◆ AIM OF THE TASK ◆
Skip every picture, and copy exactly the lines from the one containing "CRZ YOGA Cotton-Blend" to the end of the data.

◆ PROVIDED MATERIAL ◆
<<<<
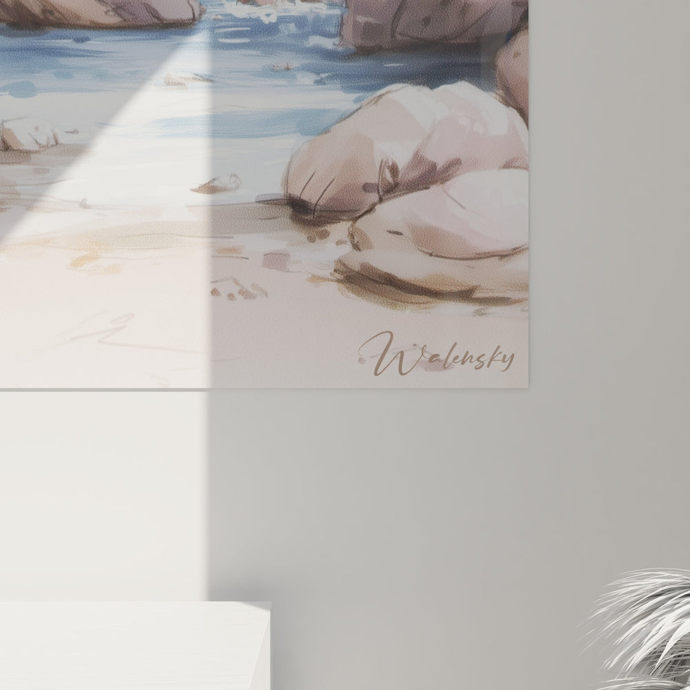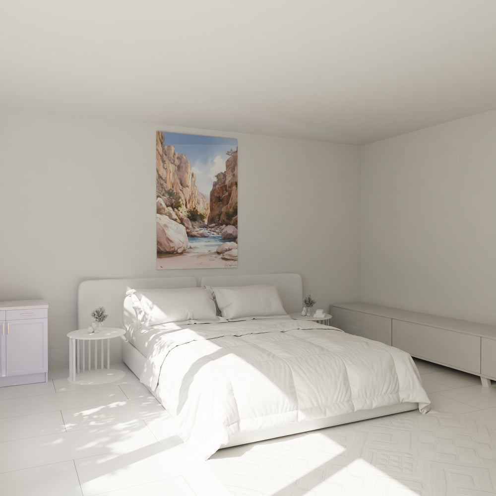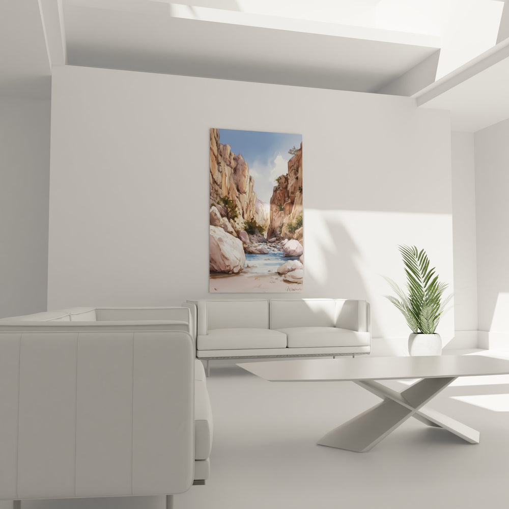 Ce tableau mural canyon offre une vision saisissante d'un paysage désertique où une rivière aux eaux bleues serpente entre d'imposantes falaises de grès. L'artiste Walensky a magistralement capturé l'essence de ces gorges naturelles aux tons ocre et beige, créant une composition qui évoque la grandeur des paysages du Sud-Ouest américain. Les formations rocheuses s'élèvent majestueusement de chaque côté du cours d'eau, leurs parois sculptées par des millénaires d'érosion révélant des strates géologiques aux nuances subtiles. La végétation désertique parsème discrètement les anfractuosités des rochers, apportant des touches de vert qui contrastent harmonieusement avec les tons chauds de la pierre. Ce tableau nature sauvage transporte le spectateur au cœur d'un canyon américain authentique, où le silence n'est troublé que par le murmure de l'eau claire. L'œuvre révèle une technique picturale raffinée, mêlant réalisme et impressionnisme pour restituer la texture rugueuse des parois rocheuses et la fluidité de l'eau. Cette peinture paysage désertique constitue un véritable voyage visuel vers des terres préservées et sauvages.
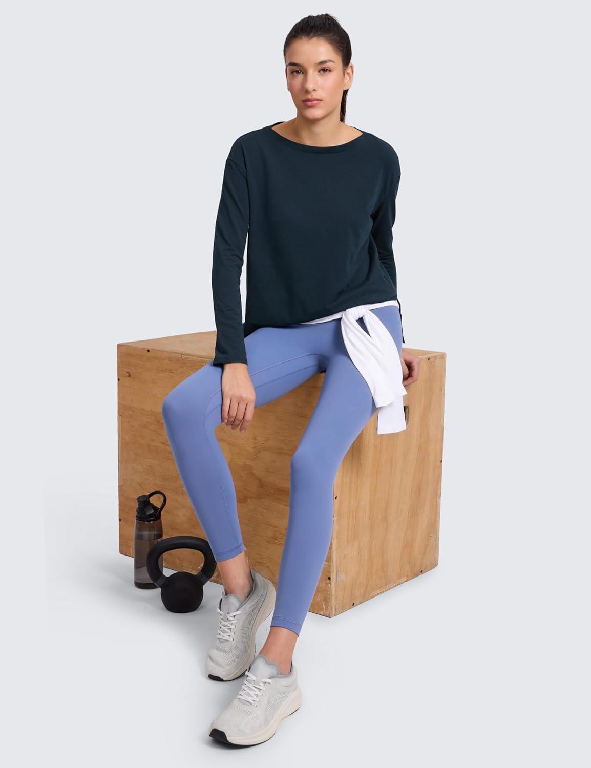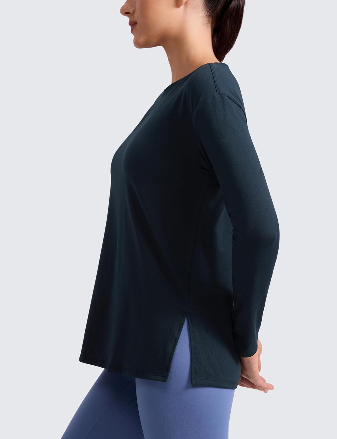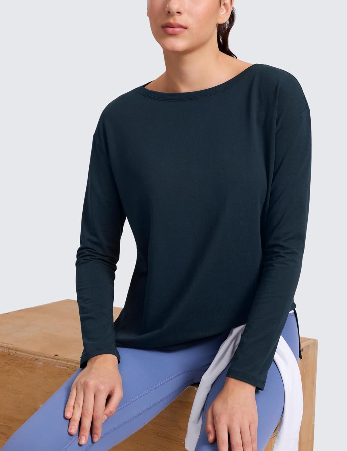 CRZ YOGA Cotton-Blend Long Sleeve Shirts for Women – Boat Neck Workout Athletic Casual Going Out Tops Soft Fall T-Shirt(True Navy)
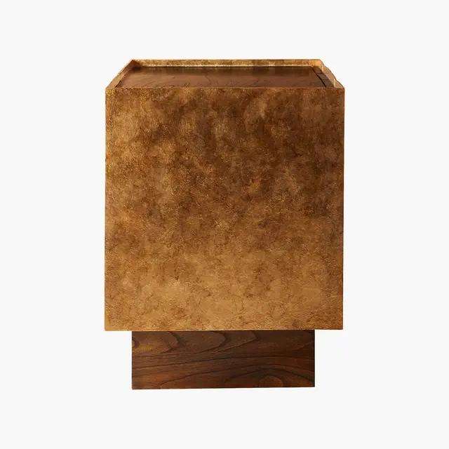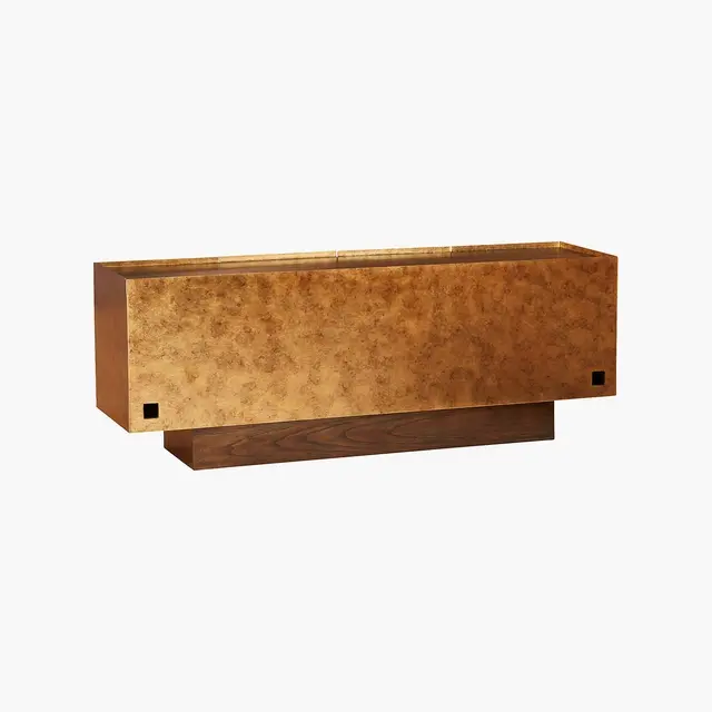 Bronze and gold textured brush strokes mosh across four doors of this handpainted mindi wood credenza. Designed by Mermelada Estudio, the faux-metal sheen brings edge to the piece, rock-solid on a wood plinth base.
>>>>
◆ RESPONSE ◆
 CRZ YOGA Cotton-Blend Long Sleeve Shirts for Women – Boat Neck Workout Athletic Casual Going Out Tops Soft Fall T-Shirt(True Navy)
 Bronze and gold textured brush strokes mosh across four doors of this handpainted mindi wood credenza. Designed by Mermelada Estudio, the faux-metal sheen brings edge to the piece, rock-solid on a wood plinth base.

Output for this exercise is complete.